(Beginning of Supplied material)
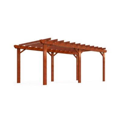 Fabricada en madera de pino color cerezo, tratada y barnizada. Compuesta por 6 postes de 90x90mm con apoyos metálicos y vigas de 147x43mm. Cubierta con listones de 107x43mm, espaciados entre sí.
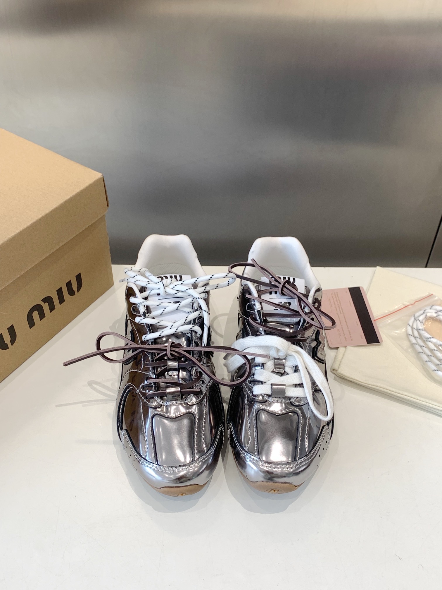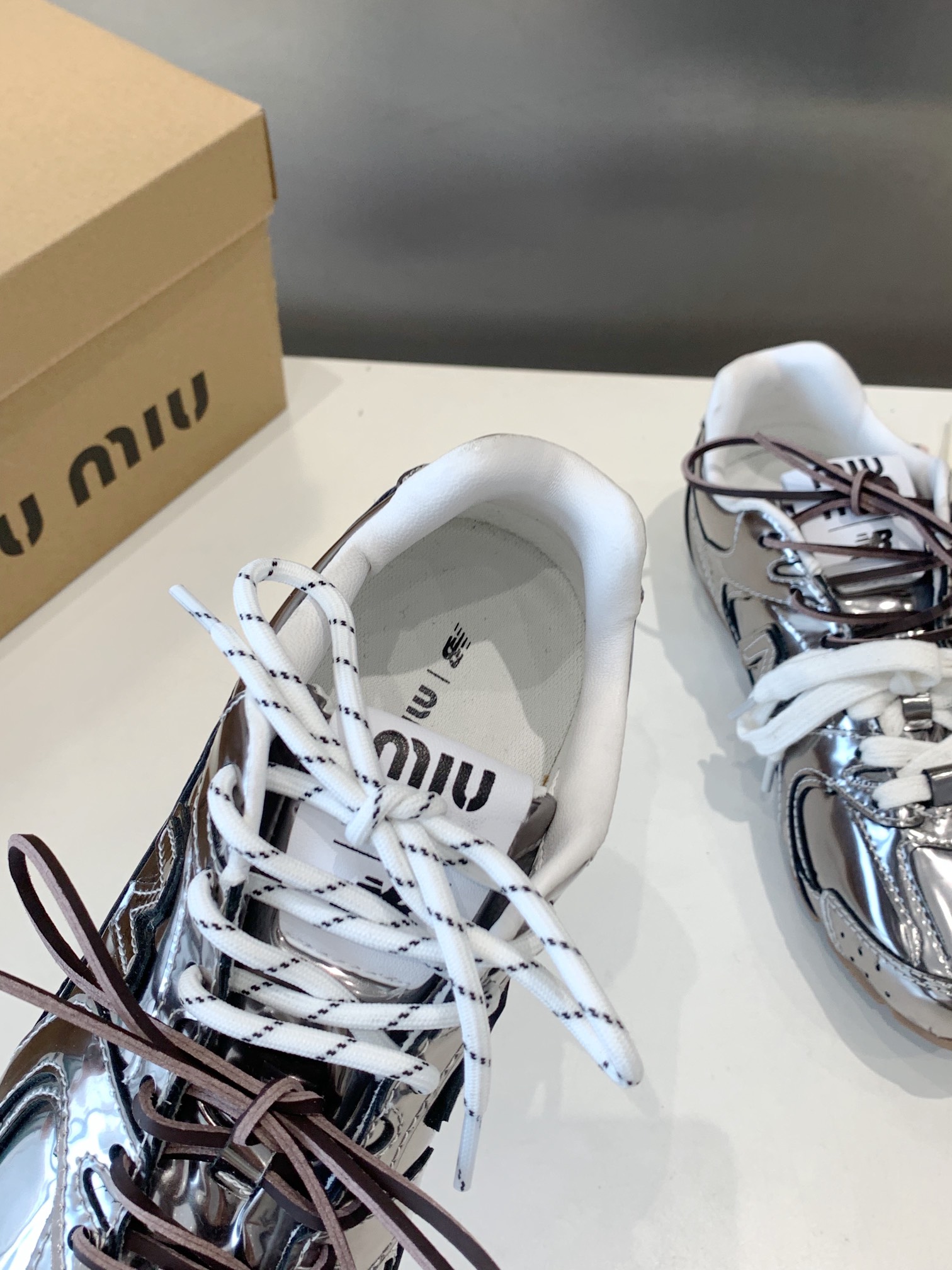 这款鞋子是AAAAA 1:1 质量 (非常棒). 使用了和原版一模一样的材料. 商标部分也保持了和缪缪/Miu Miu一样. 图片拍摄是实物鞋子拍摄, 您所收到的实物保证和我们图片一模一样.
(End of Supplied material)
(Beginning of Supplied material)
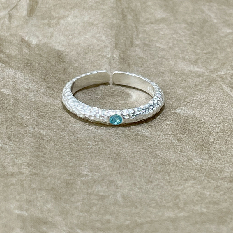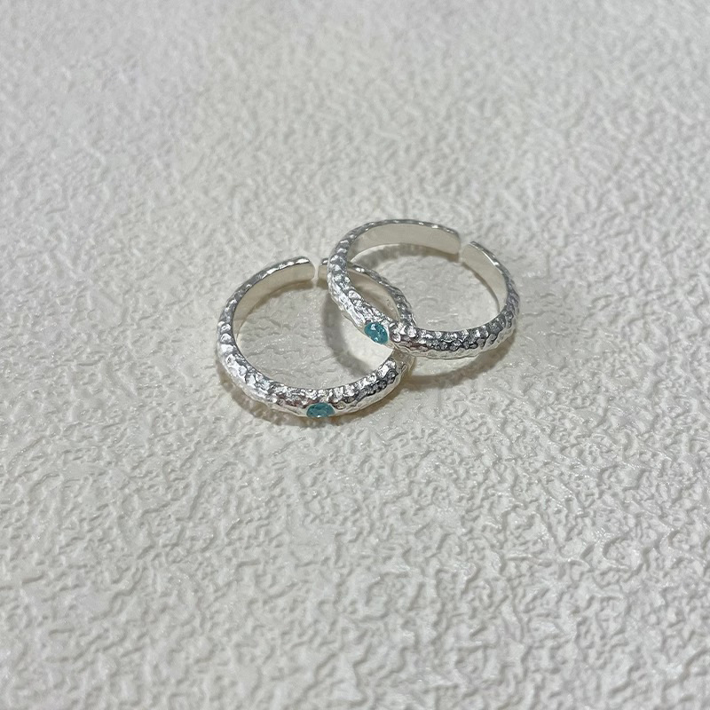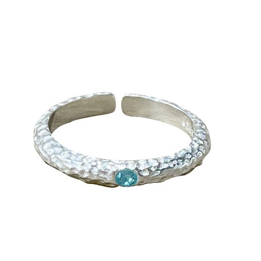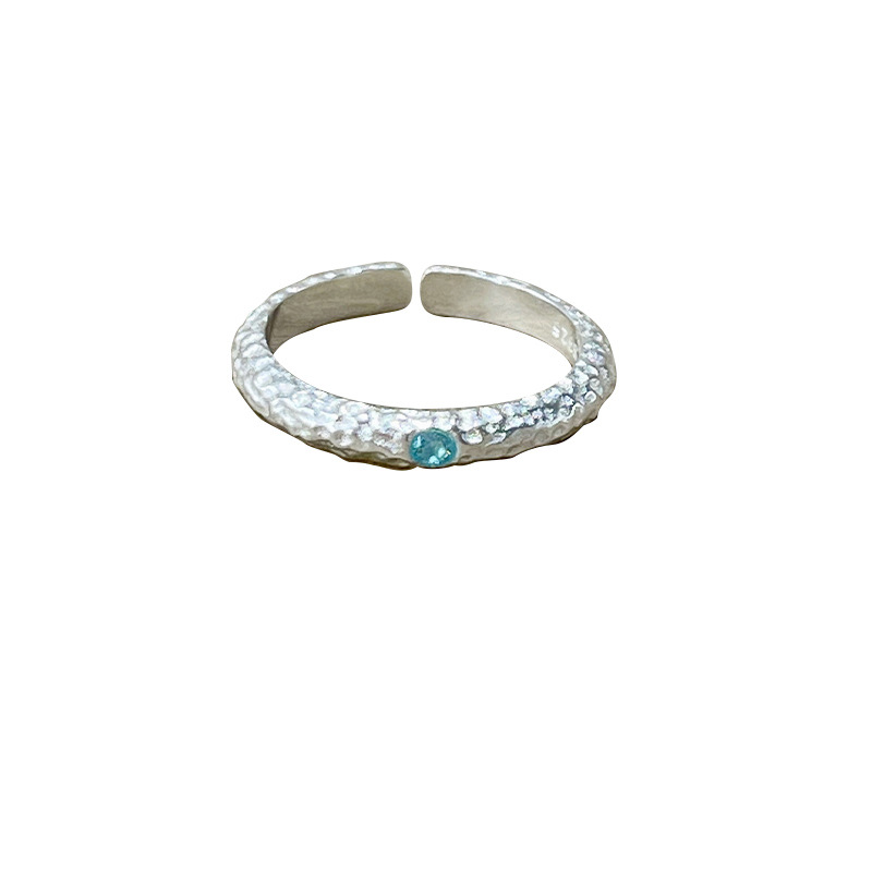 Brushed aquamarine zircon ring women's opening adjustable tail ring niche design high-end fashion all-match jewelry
(End of Supplied material)
[Your goal] Within the listing above, extract exactly the lines that run from the one containing "Fabricada en madera" through the one containing "这款鞋子是AAAAA 1:1 质量", excluding any pictures.

[Exercise answer]
 Fabricada en madera de pino color cerezo, tratada y barnizada. Compuesta por 6 postes de 90x90mm con apoyos metálicos y vigas de 147x43mm. Cubierta con listones de 107x43mm, espaciados entre sí.
 这款鞋子是AAAAA 1:1 质量 (非常棒). 使用了和原版一模一样的材料. 商标部分也保持了和缪缪/Miu Miu一样. 图片拍摄是实物鞋子拍摄, 您所收到的实物保证和我们图片一模一样.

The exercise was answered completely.